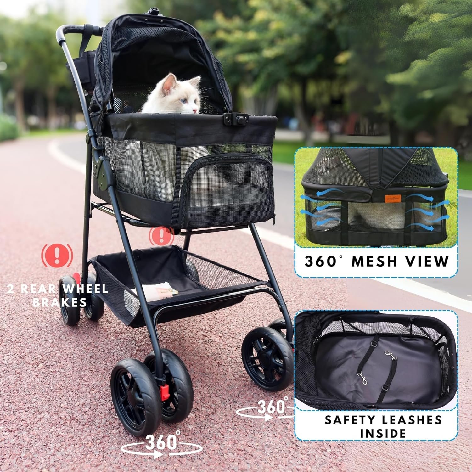 De ultieme 3 in 1 Pet Stroller – Perfect voor dierenartsbezoeken, lange wandelingen of leuke avonturen! Onze afneembare kinderwagen -kinderwagen past zich moeiteloos aan en biedt onverslaanbare functionaliteit en gemak in één strak, veelzijdig pakket. De beste reismaatje van je huisdier!
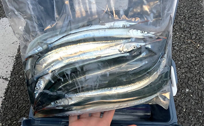 コツをつかんだ私たちは、その後コンスタントにサヨリを釣りあげ、10時から12時半までで50匹ほど釣ることができました。サイズは25cm前後が多かったです。サヨリの群れはどんどんでかくなっていき、ほぼずっと足元を泳いでいるような感じでした。まだまだ釣れそうでしたが、コマセがなくなったので納竿。
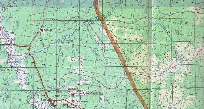 Узкоколейная железная дорога на карте масштаба 1:1 000 000, изданной в 1988 году.
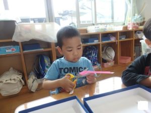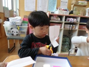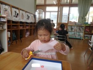 ハサミをまだ開く事が難しいお友達が多かったのですが、ケガすることなく終える事が出来ました。
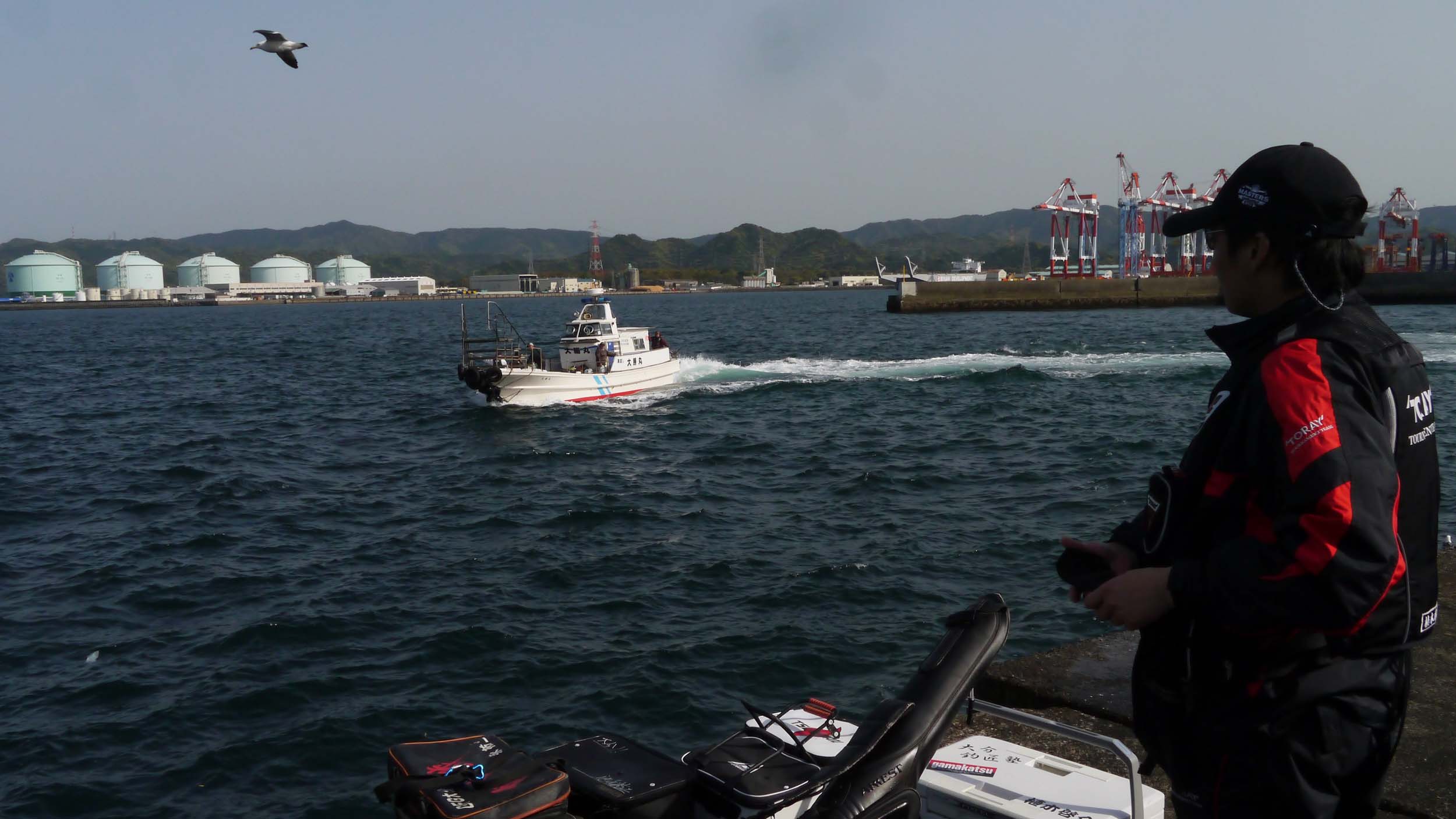 同行者は若手釣り師の植木君。8時出港~16時帰港の工程でした。船長に釣況を尋ねると、沖一文字と新波止が良いとの事。個人的には新波止に渡りたかったのですが、同船の他の釣り客が沖一文字を目指していたので、約3㎞ほど西側の新波止まで行かなくても良い様に、私たち二人も沖一文字に上がったのです。
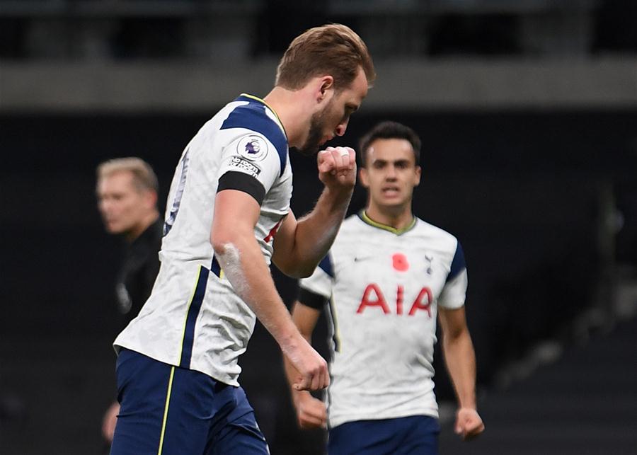 11月1日,热刺队球员凯恩(前)庆祝进球。 当日,在2020-2021赛季英格兰足球超级联赛第七轮比赛中,托特纳姆热刺队主场以2比1战胜布莱顿队。 新华社/路透
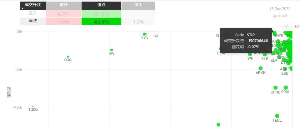在12月15日的美股主要300只ETF交易品种中,录得有14%的ETF交易品种的ETF价格上升;尽管录得过半数的ETF价格录得上升,不过仍有8%的ETF产品,虽然价格上升,成交额却下跌。在价升量跌的ETF当中,其中$油气开采ETF-SPDRS&P(AMEXXOP)$升幅最大,录得0.42%升幅;其次为SPTL,录得0.42%。SCHZ录得0.21%的升幅,属於价升量跌的ETF当中,排名第三。如...
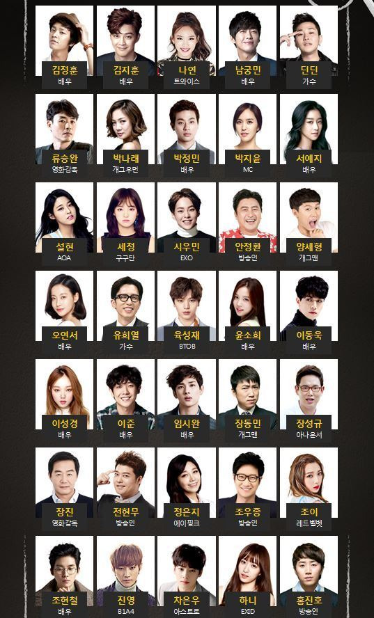 여기서 김지훈, 박지윤, 시우민, 양세형, 장진, 장동민, 하니 나왔던거 같은데
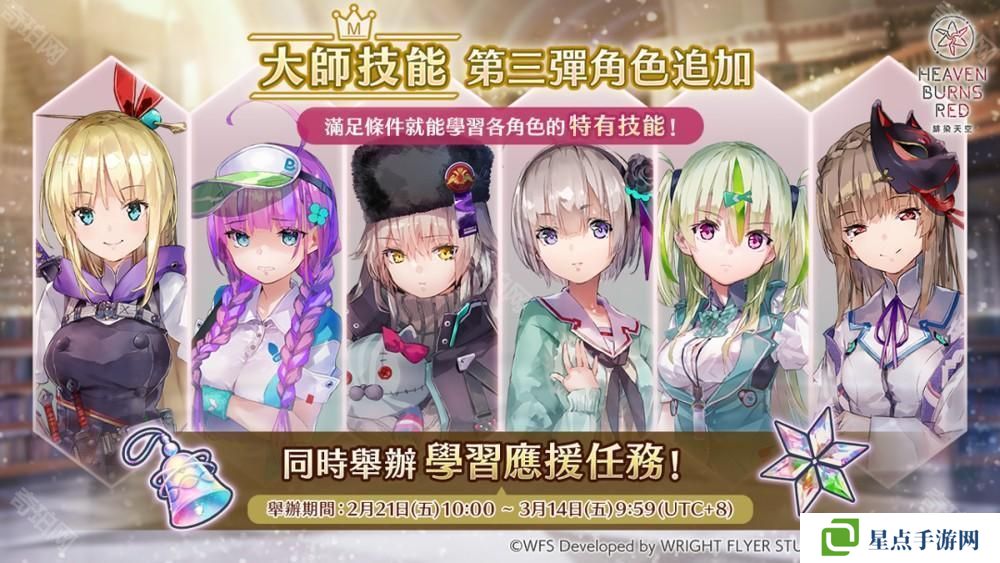 2025 年 2 月 21 日(五)10:00 起,追加大师技能第三弹角色,本次追加的是水濑李、神崎阿黛尔海德、伊达朱里、大岛五十铃、夏洛特・斯可波夫斯加、桐生美也上述 6 名角色。
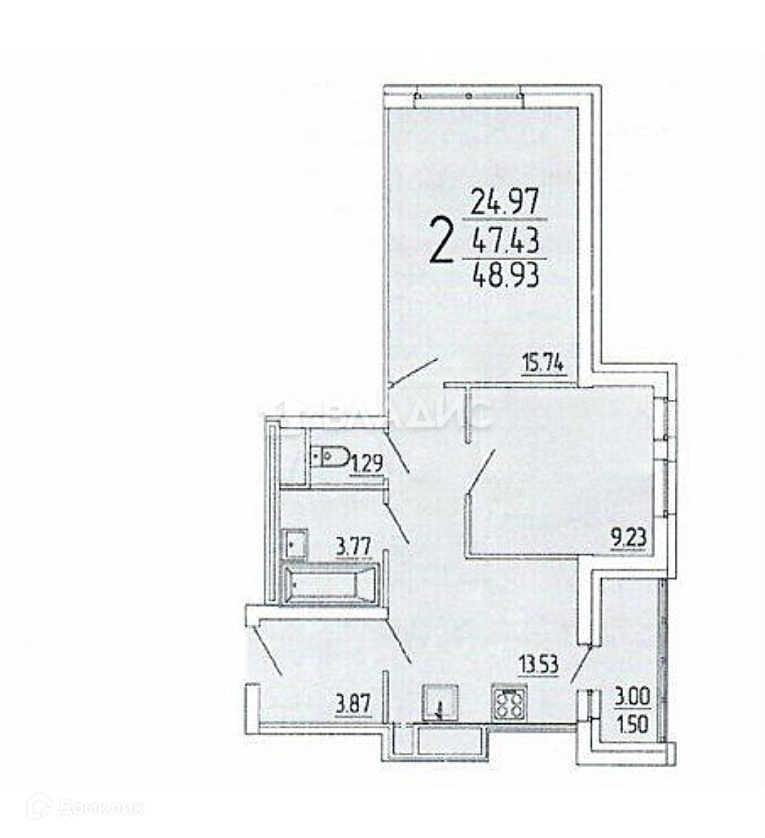 Общая площадь 47.4 м2
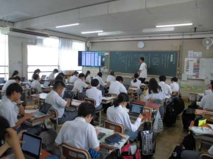 タブレットなどのICTを教師も生徒も有効に活用しながら、方言と共通語について学ぶ、とても興味深い授業でした。お互いの授業を見合うことで、自分の授業もふり返り、改善に繋がっていきます。
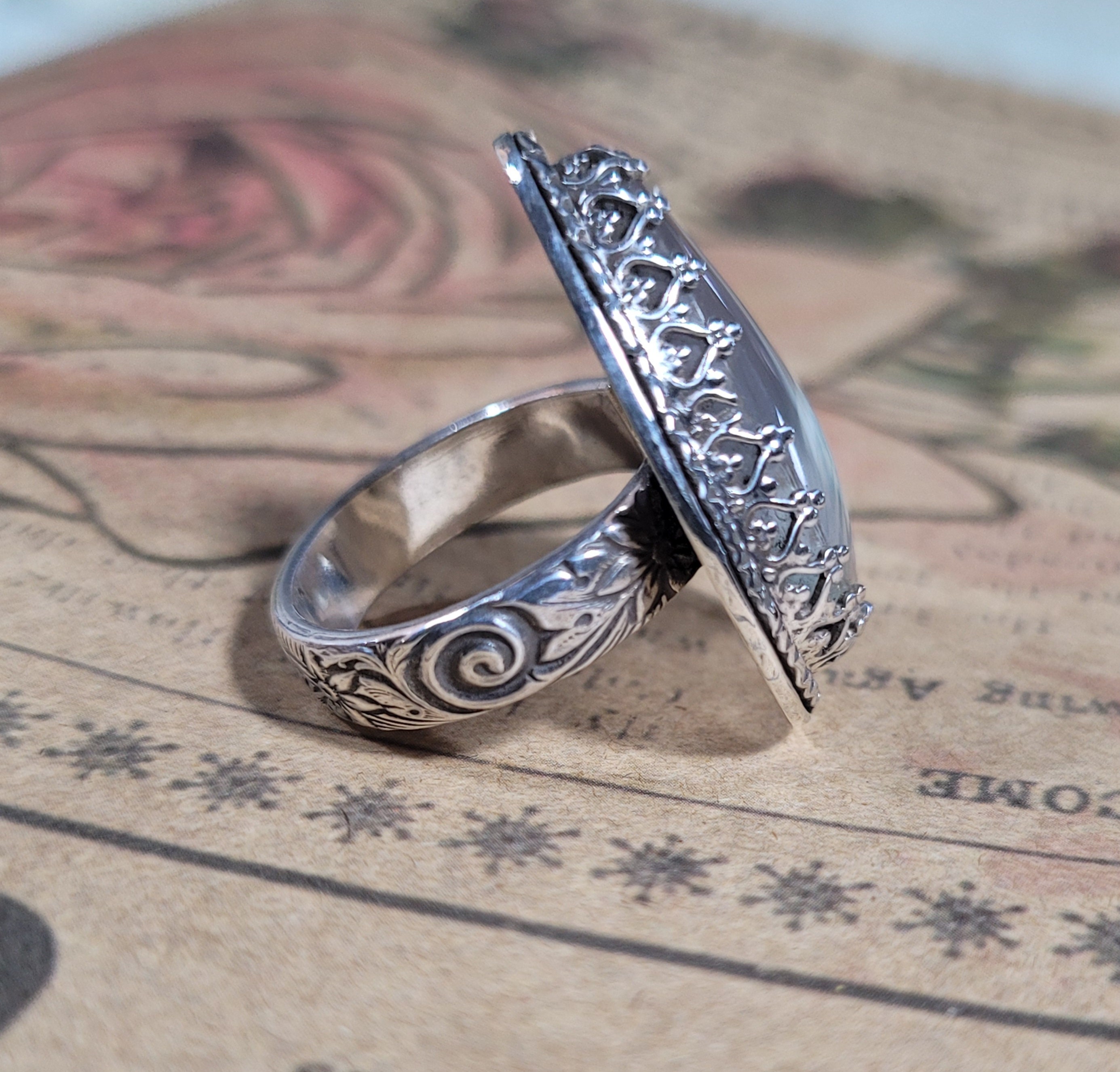 Nice thick band and sturdiness for everyday wear with sweet detailed swirls and flourishes
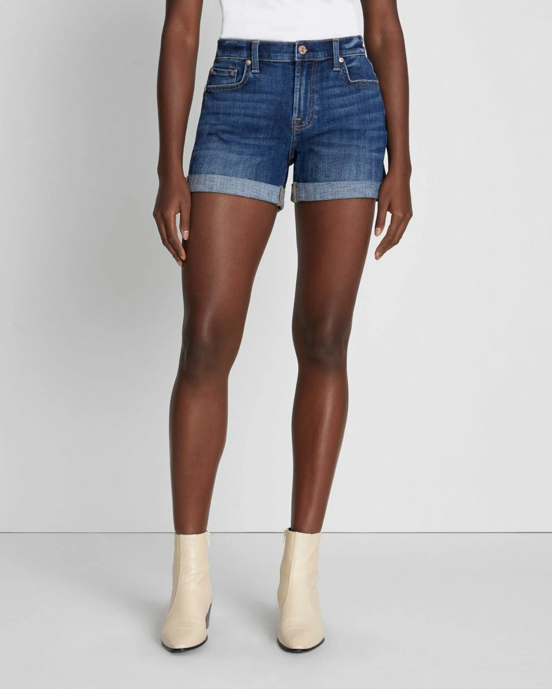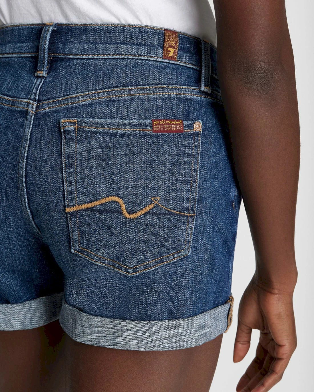 A classic denim short with a mid-rise and a relaxed fit. Crafted from our signature premium denim with stretch in a lightly faded, medium blue wash, this women’s denim short will be the classic addition your closet has always needed. A cuffed hem lends a clean finish and the versatile color makes it the perfect everyday jean short.

• • • •

## Task prompt
All records above need to be returned exactly. Omit the pictures.

## Task answer
 De ultieme 3 in 1 Pet Stroller – Perfect voor dierenartsbezoeken, lange wandelingen of leuke avonturen! Onze afneembare kinderwagen -kinderwagen past zich moeiteloos aan en biedt onverslaanbare functionaliteit en gemak in één strak, veelzijdig pakket. De beste reismaatje van je huisdier!
 コツをつかんだ私たちは、その後コンスタントにサヨリを釣りあげ、10時から12時半までで50匹ほど釣ることができました。サイズは25cm前後が多かったです。サヨリの群れはどんどんでかくなっていき、ほぼずっと足元を泳いでいるような感じでした。まだまだ釣れそうでしたが、コマセがなくなったので納竿。
 Узкоколейная железная дорога на карте масштаба 1:1 000 000, изданной в 1988 году.
 ハサミをまだ開く事が難しいお友達が多かったのですが、ケガすることなく終える事が出来ました。
 同行者は若手釣り師の植木君。8時出港~16時帰港の工程でした。船長に釣況を尋ねると、沖一文字と新波止が良いとの事。個人的には新波止に渡りたかったのですが、同船の他の釣り客が沖一文字を目指していたので、約3㎞ほど西側の新波止まで行かなくても良い様に、私たち二人も沖一文字に上がったのです。
 11月1日,热刺队球员凯恩(前)庆祝进球。 当日,在2020-2021赛季英格兰足球超级联赛第七轮比赛中,托特纳姆热刺队主场以2比1战胜布莱顿队。 新华社/路透
在12月15日的美股主要300只ETF交易品种中,录得有14%的ETF交易品种的ETF价格上升;尽管录得过半数的ETF价格录得上升,不过仍有8%的ETF产品,虽然价格上升,成交额却下跌。在价升量跌的ETF当中,其中$油气开采ETF-SPDRS&P(AMEXXOP)$升幅最大,录得0.42%升幅;其次为SPTL,录得0.42%。SCHZ录得0.21%的升幅,属於价升量跌的ETF当中,排名第三。如...
 여기서 김지훈, 박지윤, 시우민, 양세형, 장진, 장동민, 하니 나왔던거 같은데
 2025 年 2 月 21 日(五)10:00 起,追加大师技能第三弹角色,本次追加的是水濑李、神崎阿黛尔海德、伊达朱里、大岛五十铃、夏洛特・斯可波夫斯加、桐生美也上述 6 名角色。
 Общая площадь 47.4 м2
 タブレットなどのICTを教師も生徒も有効に活用しながら、方言と共通語について学ぶ、とても興味深い授業でした。お互いの授業を見合うことで、自分の授業もふり返り、改善に繋がっていきます。
 Nice thick band and sturdiness for everyday wear with sweet detailed swirls and flourishes
 A classic denim short with a mid-rise and a relaxed fit. Crafted from our signature premium denim with stretch in a lightly faded, medium blue wash, this women’s denim short will be the classic addition your closet has always needed. A cuffed hem lends a clean finish and the versatile color makes it the perfect everyday jean short.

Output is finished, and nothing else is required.